Even with all of these steps to reduce our monthly expenses we’re still struggling. We’re constantly trying to find new ways of saving money. Here are our recent ideas:

  • Switch to cloth diapers. Though it may cost $200 initially for all the supplies, it will pay for itself in 3 months or less.
  • Cut off the Internet service to my phone. I got it initially to be able to check my work email when I was away from the computer, but since my office seems disinterested in paying the $30 per month it’s costing me, I think I’ll have to disconnect the service.
  • Buy local produce when it’s available. You get more for your money and things like berries and bananas you can freeze for later use.

The other day I was leaving the office when I spotted a plain white envelope with my name handwritten on the outside. I picked it up and stuffed it in my purse for later, as I was in a rush to get to a meeting on time. Of course, I forgot about it and didn’t rediscover it until I was at home the following evening. Casually, I tore the envelope and pulled out a folded piece of printer paper. On it was the following note:

Here’s a little something. Hope it helps. Thank you for being a friend.
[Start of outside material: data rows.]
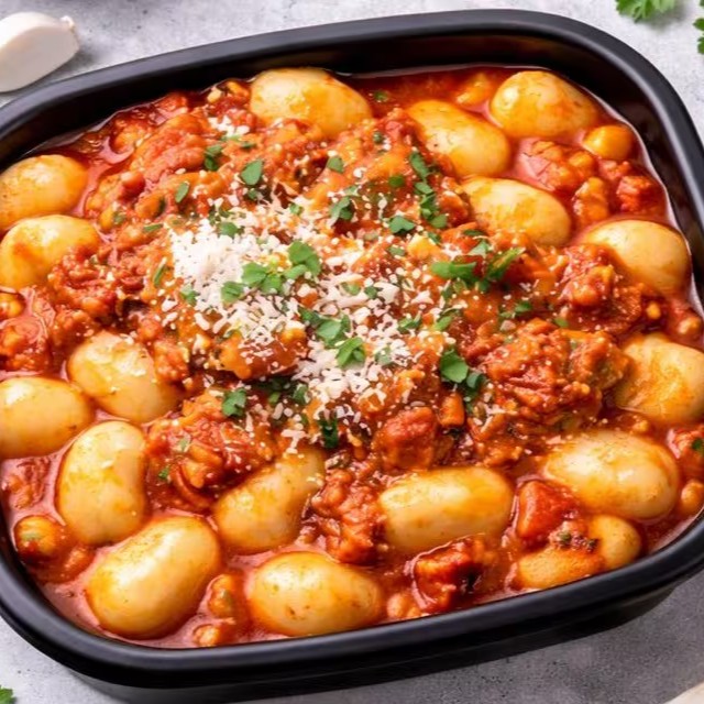 Nhoque feito com Batatas selecionadas , servido com molho de tomate caseiro á bolonhesa ,porção contem 450g aprox.
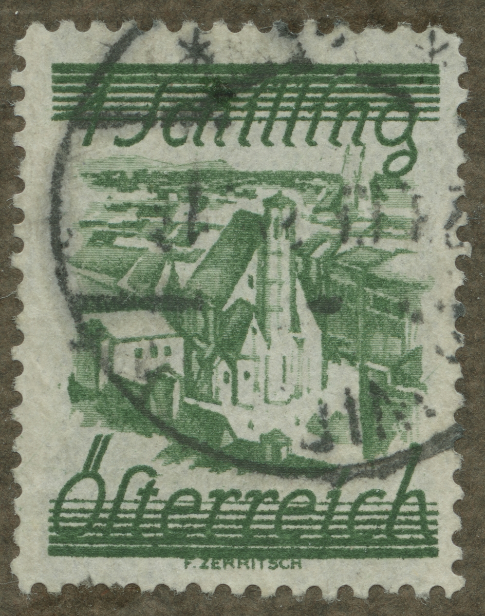 Frimärke från Österrike, 1925. Motiv av Minoritenkirche i Wien.
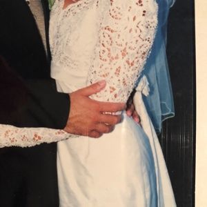 Vintage Shantung Silk w/Beaded Lace Wedding Dress S
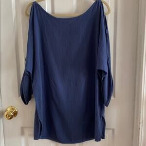 Soft surroundings medium blue top. Scoop-neck. Cut out sleeves. Armpit to armpit 23 inches. 32 inches long. Like new. 100% cotton.
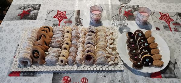 Po troške z každého: vanilkové rožky, medovníčky, orechove hviezdičky, škoricove hniezda, linecké, a jeden plnkovy väčšinou čokoládovo banánový koláč.
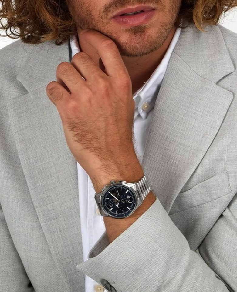 Наручные часы Maserati Sorpasso R8873624004 — воплощение стиля и функциональности для современных мужчин, ценящих качество и элегантность. Эти часы-хронографХронографФункция позволяет измерять отрезки времени с особой точностью: часы, минуты, секунды. Верным признаком хронографа является наличие на циферблате 3 дополнительных окошек-счётчиков. с секундомеромСекундомерСекундоме́р — прибор, способный измерять интервалы времени с точностью до долей секунды. сочетают в себе мощь и изящество, подчеркивая ваш уникальный вкус и статус. Часы выполнены из высококачественной стали, что обеспечивает прочность и долговечность. Минеральное стеклоМинеральное стеклоМинеральное стекло представляет собой искусственно выращенный минерал кварца. Такое стекло отличается особой устойчивостью к повреждениям и царапинам. Уступает по некоторым качествам сапфировому стеклу. надежно защищает синий циферблат с изящными рисками, придавая часам утонченный вид. Круглый корпус диаметром 42 мм создает классический и в то же время современный образ, идеально подходящий для любого случая. Благодаря водостойкости до 100 метров (10 АТМ), эти часы станут вашим надежным спутником в любых условиях, будь то деловая встреча или активный отдых. Кварцевый механизм обеспечивает точность хода, а функция хронографа добавляет дополнительную функциональность для отслеживания времени с высокой точностью. Люминесцентное покрытиеЛюминесцентное покрытиеПозволяет считывать показания времени в темноте. Производители наносят на стрелки, часовые индексы, безель или поверхность циферблата светонакопительный состав, дающий холодное свечение. на стрелках обеспечивает отличную видимость в темноте. Завершающий штрих — стальной браслет с раскладной застёжкойРаскладная застёжкаТакой тип застёжки используется только на браслетах из металла. Она никогда не раскрывается полностью, происходит разделение на 2 и более частей. Раскладывающая застёжка снизит вероятность потери часов к минимуму., который подчеркивает общий стиль, обеспечивая комфорт и надежность в носке. Maserati Sorpasso R8873624004 — это не просто аксессуар, а часть вашего образа, отражающая стремление к совершенству и динамичному образу жизни.
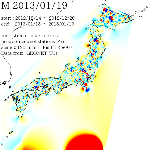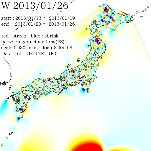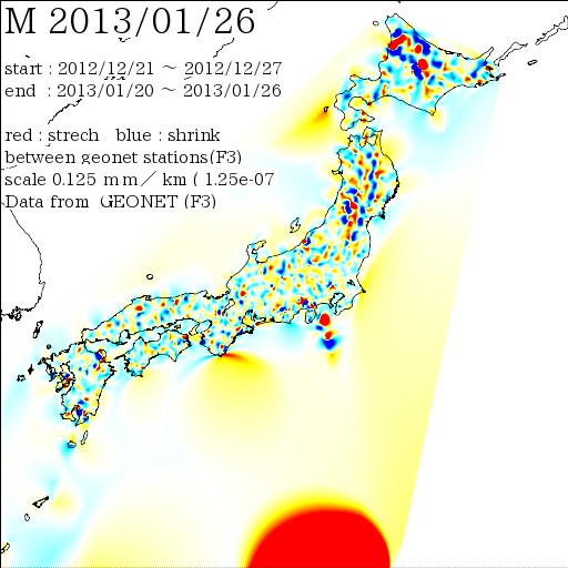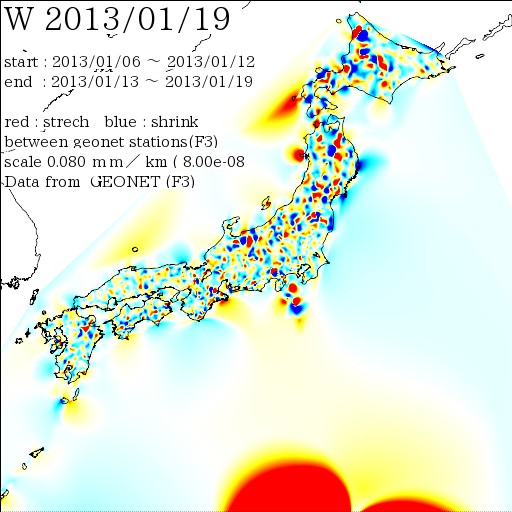国土地理院geonetのデータを利用し、日本列島の伸び縮みを図にしました。
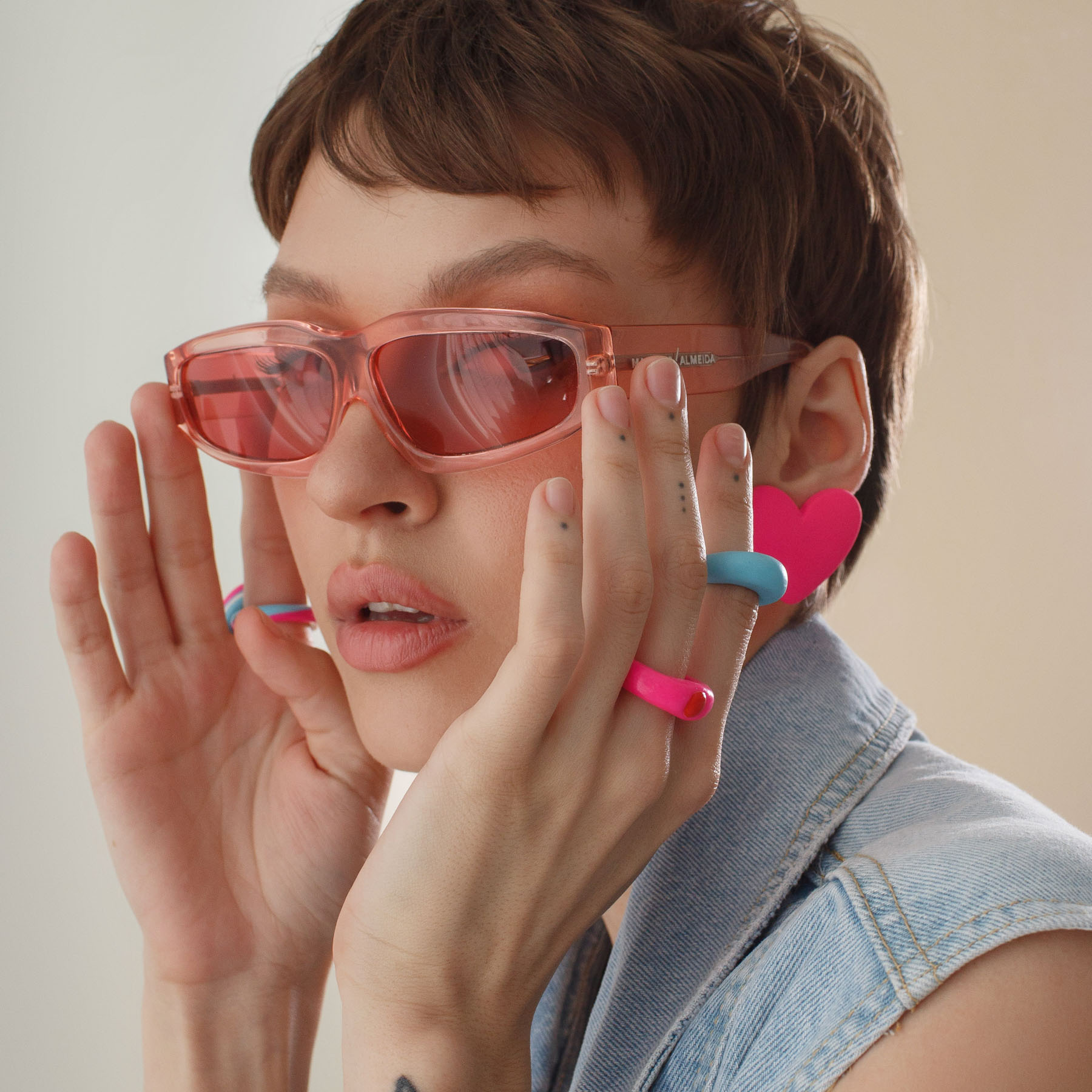 Матовые пусеты-сердца Серебристый Розовый Полимер, серебро купить в интернет магазине Kalinka
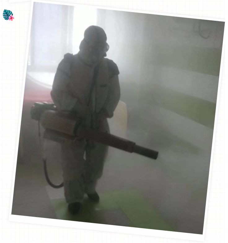 从大门口开始,背着沉重的装备,对园区的周边环境、所有功能室、操场、楼梯、走廊、厕所、办公室等公共区域等开展全方位的消毒工作。消毒工作持续了近两个小时,真正做到了全覆盖、无死角。
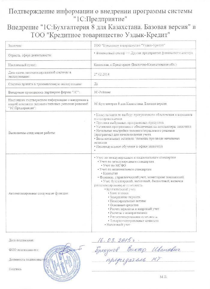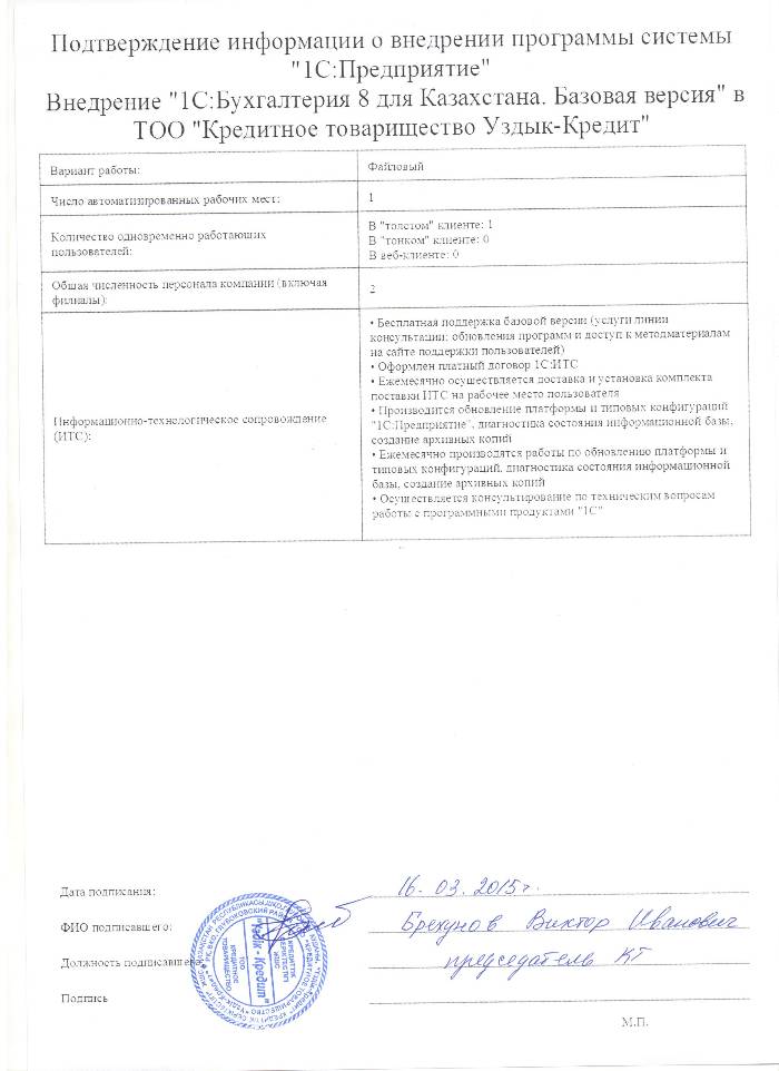 | Внедренное типовое решение: | 1С:Бухгалтерия 8 для Казахстана. Базовая версия |

Good luck with the house. Your Friend

Tucked inside the folded paper were two $50 bills. Shocked, I cried out, “What?!” and speechless, held up the money for Husband to see.

Whoever that angel is who felt impressed to give a bit of their excess to my family, I hope you read this blog and know that your gift will NOT be forgotten, and it WILL help. Thank you. From the bottom of my heart.

It’s actions such as this that help me see the light at the end of the tunnel. I see God’s grace, mercy, love and presence in my life and I know He’ll get us through the rough patches. I also see the suffering of others around me, and around the world, and I know I still have lots to be thankful for.

My motive in writing this blog was not to point out how thrifty I am, or to whine about how bad I have it. This blog serves two purposes: 1) To show other not-so-affluent new mothers that there are little things you can do to help alleviate the monthly stress on your checking account, and 2) To thank whoever it was who sent me that unexpected blessing in a plain white envelope.

The best things really do come in small packages; some are long-awaited, wrinkled and squirmy, and others are unexpected, green and made of cotton. Both are beautiful blessings.